That should be a sufficient argument for The Last Black Man in San Francisco (opening June 7) to be essential viewing for locals. Even better, it’s strewn with ideas without being show-offy, it’s earnest yet unsentimental, and penetrating without being moralistic. As a bonus, Talbot, Fails and their cohorts deftly integrate into the subtly multilayered and multigenerational plot subjects like Jefferson Airplane and Giants fandom, Hunters Point redevelopment and Chinatown fish stands, former Mabuhay Gardens punks and ’00s indie-film wannabe hipsters, interactions on Muni and the solitude of the Bay.

Danny Glover and Jonathan Majors in 'The Last Black Man in San Francisco,' 2019.
Danny Glover and Jonathan Majors in 'The Last Black Man in San Francisco,' 2019. (Courtesy of A24)

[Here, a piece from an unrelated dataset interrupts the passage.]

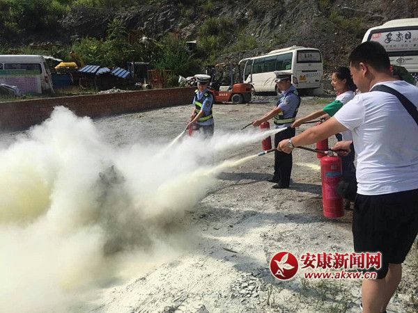 安康新聞網(wǎng)訊(通訊員 蘇婷 葛兵)2017年6月23日上午,平利交警城區(qū)中隊(duì)聯(lián)合安監(jiān)、運(yùn)管、消防及客運(yùn)企業(yè)等相關(guān)職能部門在縣客運(yùn)站開(kāi)展道路旅客運(yùn)輸企業(yè)安全消防應(yīng)急演練。

The plot, which draws on Fails’ life story, centers on a young black guy (played by Fails) with no permanent residence who’s fixated on the great Fillmore house where his family lived when Jimmy was a boy and which, his father endlessly recounted, his grandfather built. At the start of the story, Jimmy is crashing with best friend Mont (a would-be playwright, played by Jonathan Majors) and Mont’s blind grandfather (Danny Glover, delivering sardonic line readings and representing San Francisco’s once-thriving black middle class).

“Every draft had a lot going on from the beginning,” Talbot relates in an interview last week. “Lots of characters and locations that are supposed to evoke feelings of a certain San Francisco. The friendship. Jimmy being in both Hunters Point and the house in the Fillmore, and the different relationships he has in each area. If you lose the friendship, you lose the grounding force. If you lose the elements of the city, you lose what’s so special about San Francisco and why it’s worth fighting for. If you lose the house, you lose the love story. All those things are integral to the film and to Jimmy’s character.”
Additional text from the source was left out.